Tuesday, 28 August 2012
"Sure, it's only about 20 quid Francis!"
I look to my side. Sausage fest sedan with the only lassies in the place about to hit the wall and wearing fat suits. The group of people I'm with are mates of the Landlord, about 13 years my senior, or thereabouts.
"Sure, you cannae maet a bleedin burd in a place like dis!"
That's certainly true. The ratio of men to women in this place strikes out at about 70/30. The three lassies in the corner are taking pictures of each other and giggling like children. Curse facebook, exacerbating the solipsism of the female mind for nigh on a decade now.
"It's called Speed Dating" Birrell continues on. You sit at this table rite, and then you're like, talking to these burds, but you only have five minutes tae do it, te make yer mark, ye knowwa ah meain?"
This guy's a fucking brainbox. He's got a masters in veterinary. He has a colorful vocabulary, but he isn't one of those posh Foxrock spazoes, I'm enjoying his company, truth be told.
I turn to him and look past his shoulder. Red eye has caught me again. A hot lassie with silver stilettos has just brushed past a tall man in a brown jacket. A high seven. Franco's rule is applied: If a Irish woman is a 7+, 70 percent of the time, she's Polish.
"This place, very nice!", she says to her friend, who she has just embraced. Thick Polish accent. Feminine and charming. We're onto enough data.Fuck Hegel. This is an absolute truth. Polis chicks>>>Irish. Dere. Ah sayd it.

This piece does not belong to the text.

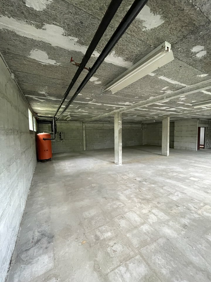 Plusieurs pièces avec ouvertures (châssis fixes), porte de garage, local technique, sanitaires, pour une contenance de 409m².

"But Birrell!" I reply with a grin. What's with all de speeddating? I mean, yer a fucking anamal man now! It might not be the most glamourous job, with what sticking your hand up cow's arses, but you're loaded man! What's to stop ye picking up some nice broad?"
He turns to me and says: "You get old mate. Don't remember, I'm only a decade older than you. We're not surround by those fit University burds anymore."
There's a brief silence. They're playing "Galway Girl" by Mundy on the radio. People formicating up and down the stairs to the toilets. This guy's a decade older than me. Fucking hell. He's all old and flabby and shit.
"And it hits you, just like dat. Deco over there!, Oi Deco!"
Didn't hear him, we're at the song's chorus.
"FOOKIN DIABETIC SPAZ"
Laughter erupts at the table.
"Piss off ye daft cunt!"
"He's not much older than you..."
He raises his glass.
"You're older a lot longer than being a young man, Francis! You think you'll be getting off on three hours of sleep and tumbln intae a lecture heh lyke yer doing nowt? Fook off! Dis, will be like a hamma, to the hed! Enjoy it while you can! Everyone fooking wastes their twenties! LIVE TO REGRET"
"DIABETIC DECO! Fooking WANKA!"
The night, I couldn't remember more than this, apart from trying to game a 35 year old 6 (and failing fucking miserably), and seeing that hot little Polish chick leaving, out. One, how the fuck is a guy with a masters in veterinary, not a bad looking guy, and from what I've seen, sound out enough and has some game, considering fucking speed dating? Society, wake up, wake up! There is something nefarious here, Second, this guy is not a million years older or anything like that, fucks sake en all. Ten years, and him and all his mates look like shite. Poorly dressed, fat, one guy with hair down to his arse and quickly going grey. Whether this is just feeding your body through a drink junk food grinder 2122232425262728 or just natural ageing, I dunno, but it, at the time, scared the shite out of me. You are going to age, but you can control this. And you should start, if you're like me, when you're at the start of yer twenties, ie right fucking now, because it will be all too fast, faster then you think.
You want to stop procrastinating? Good. Get talking to a few lads in their 30's. They're old enough to see the results of good living, but young enough to remember their youthful vivacity. To an old man, youth sees an abstraction, a faraway place to a 30's fella, it feels like they were tossing jack daniels shots back like it was yesserdays...en 3ehfookin4. Just like you.